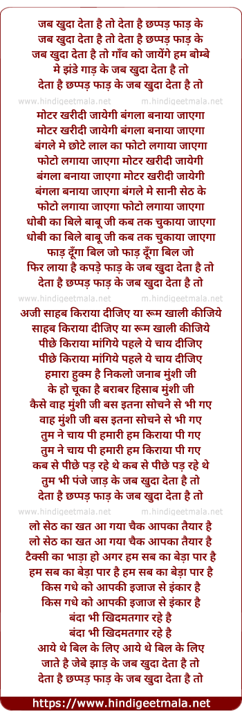 Lyrics of Jab Khuda Deta Hai To - जब खुदा देता है
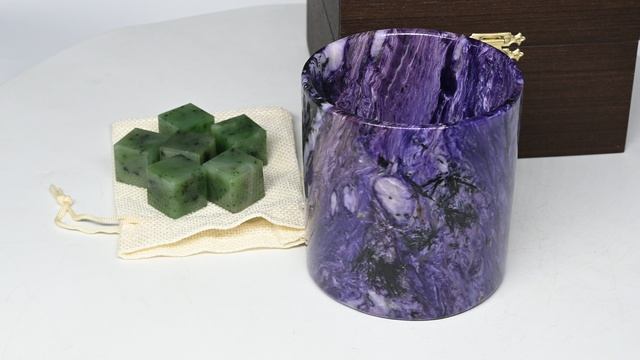 •Материал: чароит. •Объём: 330мл. •Вес: 453г. •В комплекте идут 6 кубиков для охлаждения из качественного нефрита. •Упаковка: индивидуальная шпоновая коробка. •Допустимо присутствие природных микротрещин, не пропускающих жидкость. •При заказе вы покупаете образец, который представлен на видео.
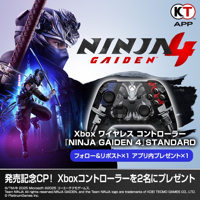 フォロー&RP or KT App内応募でXbox ワイヤレスコントローラー『NINJA GAIDEN 4』が当たる
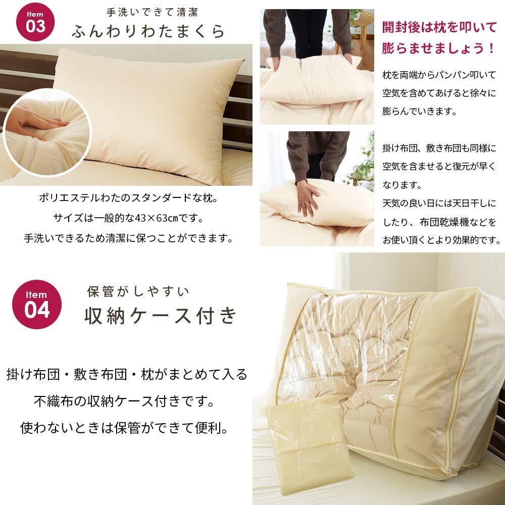 基本の布団3点+選べる布団カバー3点の6点+不織布の収納ケースも付いた7点セット!掛け・敷き・枕すべてホコリの出にくい合繊ポリエステルわた使用!軽くて収納もラクラク。掛布団は中わた1.6kg入り。敷布団は固わたを巻わたでサンドイッチした三層構造。固綿がしっかり2kg入っているため、底付き感を軽減してくれます。カバーはもちろん丸洗いOK!乾きが早くシワになりにくいポリエステル生地を使用しているのでお手入れ簡単 お部屋に合わせやすい人気の無地カラー!

What you need to do: Give the listing above again in its entirety and exactly; do not include the pictures.

Task answer:
 Lyrics of Jab Khuda Deta Hai To - जब खुदा देता है
 •Материал: чароит. •Объём: 330мл. •Вес: 453г. •В комплекте идут 6 кубиков для охлаждения из качественного нефрита. •Упаковка: индивидуальная шпоновая коробка. •Допустимо присутствие природных микротрещин, не пропускающих жидкость. •При заказе вы покупаете образец, который представлен на видео.
 フォロー&RP or KT App内応募でXbox ワイヤレスコントローラー『NINJA GAIDEN 4』が当たる
 基本の布団3点+選べる布団カバー3点の6点+不織布の収納ケースも付いた7点セット!掛け・敷き・枕すべてホコリの出にくい合繊ポリエステルわた使用!軽くて収納もラクラク。掛布団は中わた1.6kg入り。敷布団は固わたを巻わたでサンドイッチした三層構造。固綿がしっかり2kg入っているため、底付き感を軽減してくれます。カバーはもちろん丸洗いOK!乾きが早くシワになりにくいポリエステル生地を使用しているのでお手入れ簡単 お部屋に合わせやすい人気の無地カラー!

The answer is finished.